- Born: April 1945
- Died: May 2024 (aged 79)
- Occupation(s): Chairman, West Ham United

= Martin Cearns =

Football club chairman (1945–2024)

Martin William Cearns (April 1945 – May 2024) was an English football executive who served as chairman of West Ham United.

== Life and career ==
Cearns was born in April 1945. A bank manager with Barclays Bank, Cearns became a board member with West Ham, succeeding his father, Len Cearns, as chairman in 1990. He held the position until 1992, when he was succeeded by Terry Brown. Although no longer chairman, Cearns remained on the board until 1 December 2006, when he resigned following the club sale to Icelandic billionaire, Björgólfur Guðmundsson for £85 million. As part of the takeover, he received £7.76 million from the sale of his 1,844,000 shares in West Ham.

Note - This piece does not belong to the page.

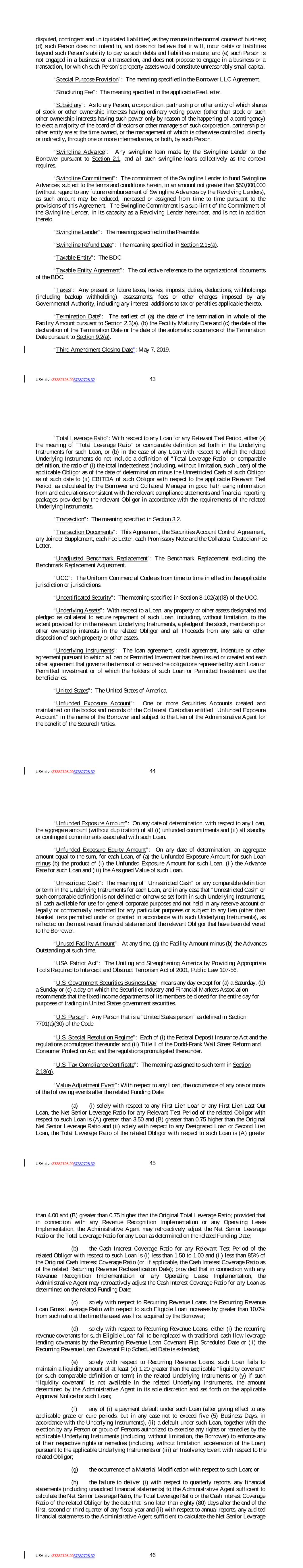 disputed, contingent and unliquidated liabilities) as they mature in the normal course of business; (d) such Person does not intend to, and does not believe that it will, incur debts or liabilities beyond such Person’s ability to pay as such debts and liabilities mature; and (e) such Person is not engaged in a business or a transaction, and does not propose to engage in a business or a transaction, for which such Person’s property assets would constitute unreasonably small capital. “Special Purpose Provision”: The meaning specified in the Borrower LLC Agreement. “Structuring Fee”: The meaning specified in the applicable Fee Letter. “Subsidiary”: As to any Person, a corporation, partnership or other entity of which shares of stock or other ownership interests having ordinary voting power (other than stock or such other ownership interests having such power only by reason of the happening of a contingency) to elect a majority of the board of directors or other managers of such corporation, partnership or other entity are at the time owned, or the management of which is otherwise controlled, directly or indirectly, through one or more intermediaries, or both, by such Person. “Swingline Advance”: Any swingline loan made by the Swingline Lender to the Borrower pursuant to Section 2.1, and all such swingline loans collectively as the context requires. “Swingline Commitment”: The commitment of the Swingline Lender to fund Swingline Advances, subject to the terms and conditions herein, in an amount not greater than $50,000,000 (without regard to any future reimbursement of Swingline Advances by the Revolving Lenders), as such amount may be reduced, increased or assigned from time to time pursuant to the provisions of this Agreement. The Swingline Commitment is a sub-limit of the Commitment of the Swingline Lender, in its capacity as a Revolving Lender hereunder, and is not in addition thereto. “Swingline Lender”: The meaning specified in the Preamble. “Swingline Refund Date”: The meaning specified in Section 2.15(a). “Taxable Entity”: The BDC. “Taxable Entity Agreement”: The collective reference to the organizational documents of the BDC. “Taxes”: Any present or future taxes, levies, imposts, duties, deductions, withholdings (including backup withholding), assessments, fees or other charges imposed by any Governmental Authority, including any interest, additions to tax or penalties applicable thereto. “Termination Date”: The earliest of (a) the date of the termination in whole of the Facility Amount pursuant to Section 2.3(a), (b) the Facility Maturity Date and (c) the date of the declaration of the Termination Date or the date of the automatic occurrence of the Termination Date pursuant to Section 9.2(a). “Third Amendment Closing Date”: May 7, 2019. USActive 37382726.2937382726.32 43 “Total Leverage Ratio”: With respect to any Loan for any Relevant Test Period, either (a) the meaning of “Total Leverage Ratio” or comparable definition set forth in the Underlying Instruments for such Loan, or (b) in the case of any Loan with respect to which the related Underlying Instruments do not include a definition of “Total Leverage Ratio” or comparable definition, the ratio of (i) the total Indebtedness (including, without limitation, such Loan) of the applicable Obligor as of the date of determination minus the Unrestricted Cash of such Obligor as of such date to (ii) EBITDA of such Obligor with respect to the applicable Relevant Test Period, as calculated by the Borrower and Collateral Manager in good faith using information from and calculations consistent with the relevant compliance statements and financial reporting packages provided by the relevant Obligor in accordance with the requirements of the related Underlying Instruments. “Transaction”: The meaning specified in Section 3.2. “Transaction Documents”: This Agreement, the Securities Account Control Agreement, any Joinder Supplement, each Fee Letter, each Promissory Note and the Collateral Custodian Fee Letter. “Unadjusted Benchmark Replacement”: The Benchmark Replacement excluding the Benchmark Replacement Adjustment. “UCC”: The Uniform Commercial Code as from time to time in effect in the applicable jurisdiction or jurisdictions. “Uncertificated Security”: The meaning specified in Section 8-102(a)(l8) of the UCC. “Underlying Assets”: With respect to a Loan, any property or other assets designated and pledged as collateral to secure repayment of such Loan, including, without limitation, to the extent provided for in the relevant Underlying Instruments, a pledge of the stock, membership or other ownership interests in the related Obligor and all Proceeds from any sale or other disposition of such property or other assets. “Underlying Instruments”: The loan agreement, credit agreement, indenture or other agreement pursuant to which a Loan or Permitted Investment has been issued or created and each other agreement that governs the terms of or secures the obligations represented by such Loan or Permitted Investment or of which the holders of such Loan or Permitted Investment are the beneficiaries. “United States”: The United States of America. “Unfunded Exposure Account”: One or more Securities Accounts created and maintained on the books and records of the Collateral Custodian entitled “Unfunded Exposure Account” in the name of the Borrower and subject to the Lien of the Administrative Agent for the benefit of the Secured Parties. USActive 37382726.2937382726.32 44 “Unfunded Exposure Amount”: On any date of determination, with respect to any Loan, the aggregate amount (without duplication) of all (i) unfunded commitments and (ii) all standby or contingent commitments associated with such Loan. “Unfunded Exposure Equity Amount”: On any date of determination, an aggregate amount equal to the sum, for each Loan, of (a) the Unfunded Exposure 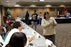 Philena Evett, chief administrator of the Student Government Association (SGA), explains something to ...

Cearns' time at West Ham is remembered for his advocacy, alongside Peter Storrie, of the Hammers Bond scheme—a financial bond which West Ham fans would have been forced to buy before being allowed to purchase a season ticket. The proposal led to demonstrations both inside and outside West Ham's ground, and to pitch invasions.

West Ham announced Cearns' death on 7 May 2024, at the age of 79.